Is the current round of drilling at the Kalahari Suture Zone likely to be the most significant ever undertaken by Kavango Resources PLC (LSE:KAV, OTC:KVGOF)? Certainly it’s deep, with the initial target not likely to be encountered until depths of 520 metres or so.
How thick the target zone will actual turn out to be remains an open question, but at this stage the drilling is slated to go to at least 650 metres. That should give Kavango plenty of room to play with if the conductor that’s showing up on all of the company’s scientific surveys actually turns out to be mineralised in this hole. How much of a win that would be for Kavango can’t be understated.
So is it significant? Yes.
It might go a long way towards proving the long-held belief that the Kalahari Suture Zone project hosts a mineralised structure akin to the giant and hugely rich Norilsk structure in Russia. Norilsk is famous for nickel, platinum, palladium and copper. Any of those metals would be welcome here, but nickel or copper would probably be favourite. Will it be a sulphide zone? – that’s the tantalising prospect. Time-domain electromagnetic surveys recorded unusually high readings of 8,200 Seimens from the conductor that the drillbit is now seeking out, so there are certainly grounds for optimism.

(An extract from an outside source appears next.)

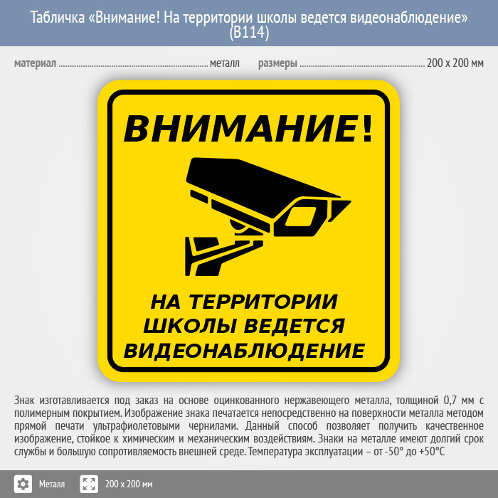 Табличка «Внимание! На территории школы ведется видеонаблюдение», B114 (металл, 200х200 мм) в Верее купить
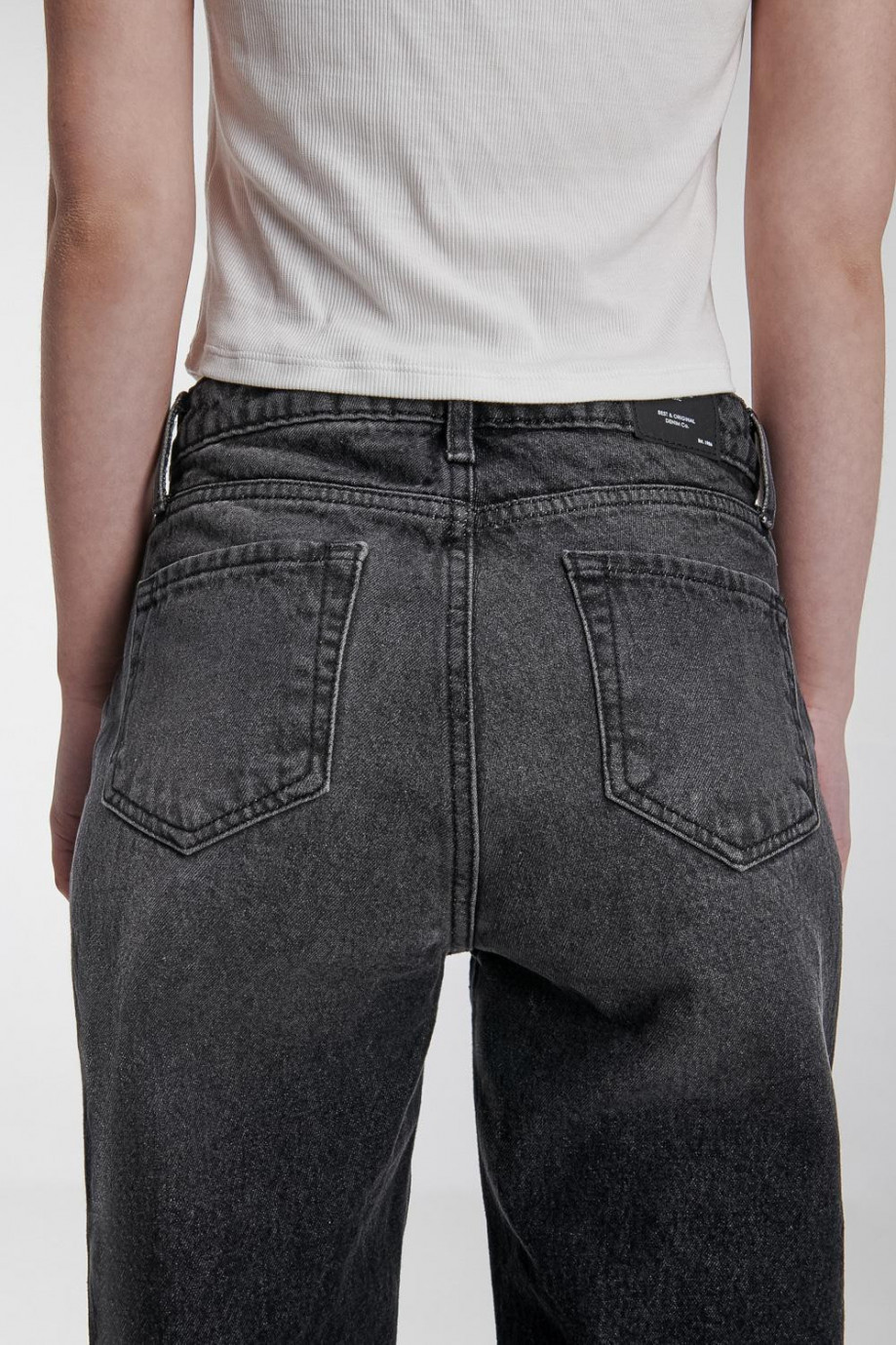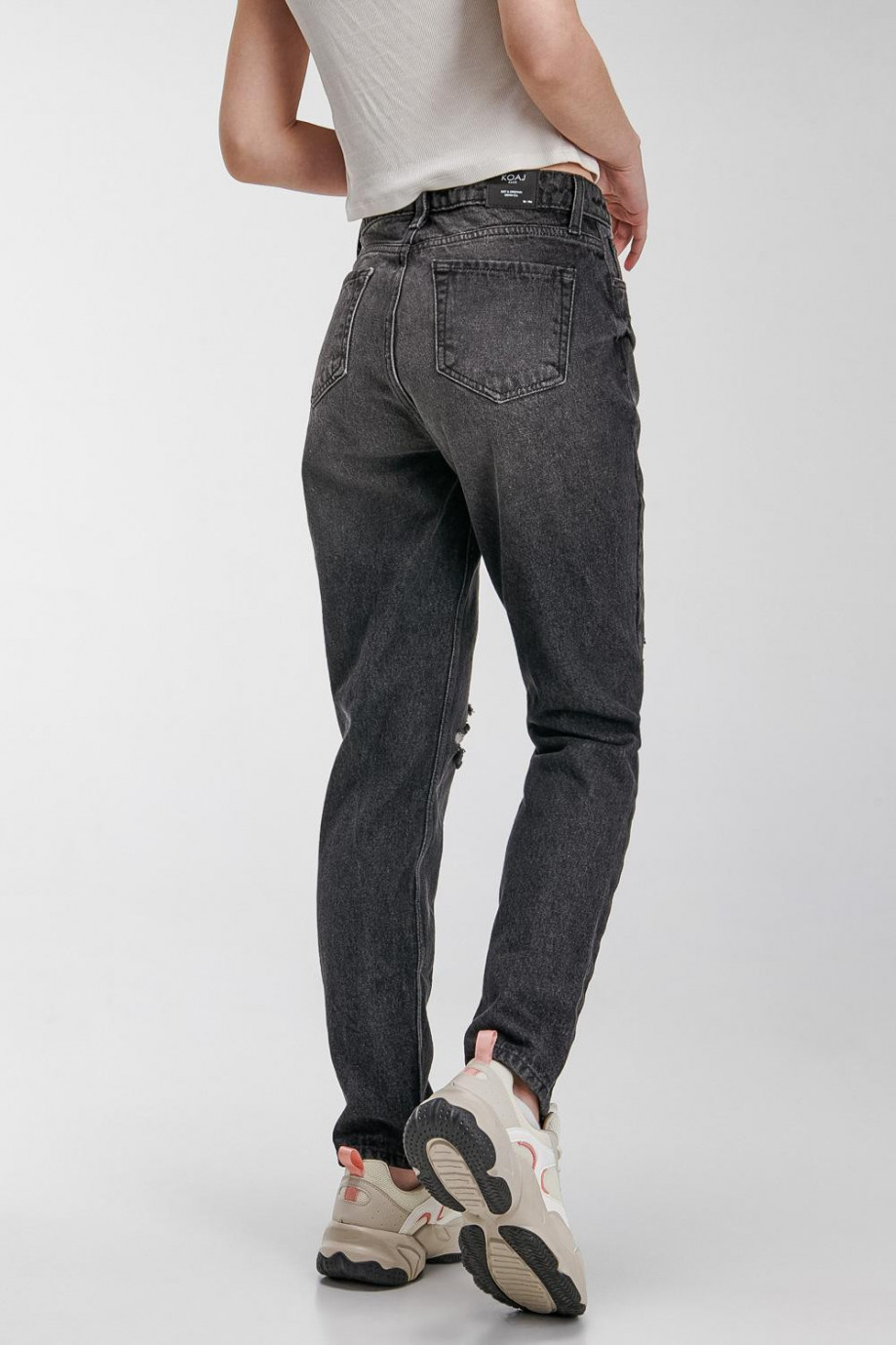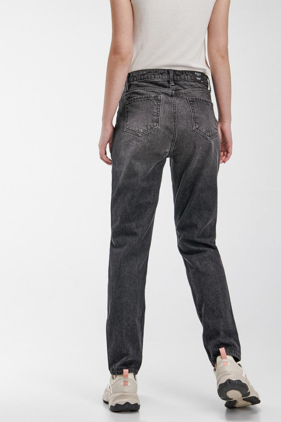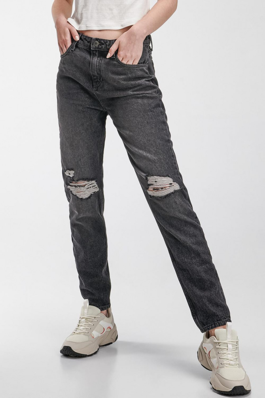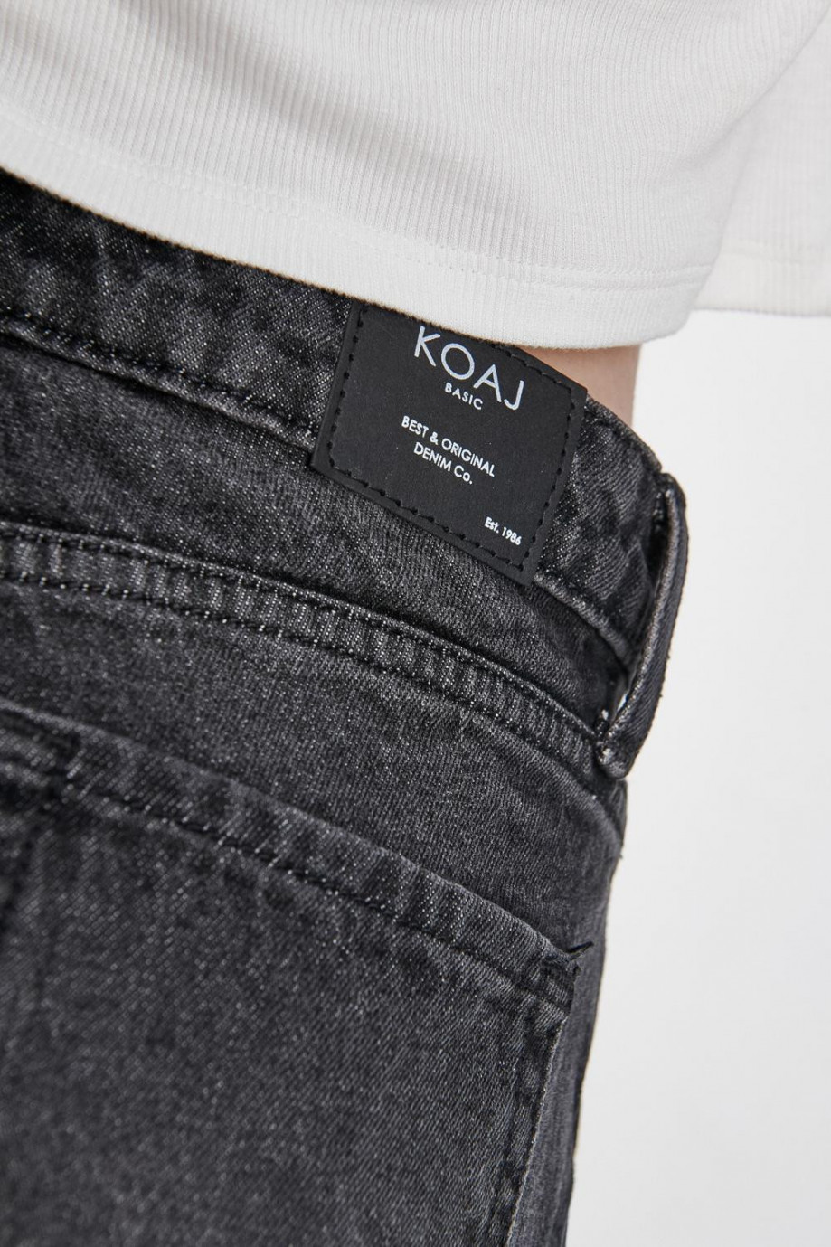 Jean para mujer, 5 bolsillos, tiro alto con lavado gris.

But for all the work that’s already been done – and the knowledge base stretches back more than thirty years on the Kalahari Suture Zone – there’s still a great deal that we don’t know.
Is the Norilsk model really the right one?
Or could it be that some other types of immense mineralising forces were at work all those millions of years ago beneath the Kalahari sands in Botswana. Kavango is now using the services of consulting geologist Jeremy Brett, a man who’s been writing papers on the Kalahari Suture Zone since the early 2000s, and now that he’s got all the newly generated data available to combine with his decades of experience, it’s possible that new models may emerge.
And that’s why the current drilling may turn out to be the most significant ever for Kavango – it either goes towards confirming the Norilsk-style hypothesis, or it goes towards the development of a new hypothesis, or it goes towards the development of some form of combination of old and new. Whisper it softly in the corridor’s of Kavango’s offices in Farnborough, but might there be an iron oxide copper gold deposit lying beneath the currently targeted zone. The way the model is currently working, there are some grounds for such a speculation.
On the other hand the implications are so huge it’s almost inconceivable, so breathless Kavango investors will just have to take things one step at a time. The current round of drilling got underway toward the end of November, with the geospeak referring to current target as lying in a ‘Karoo-aged system’ and the hypothetical deeper target in a ‘Proterozoic system.’
It may be a good while yet before we know how it all hangs together. But what is certain is that it won’t be too long now before hard rock drilled out of the ground by Kavango gets cut and shipped off to laboratories for detailed assay.
What those assays show will be the ultimate arbiter of how significant the current drilling really is. But if that core shows what the company is hoping it will show, then hold on to your hats.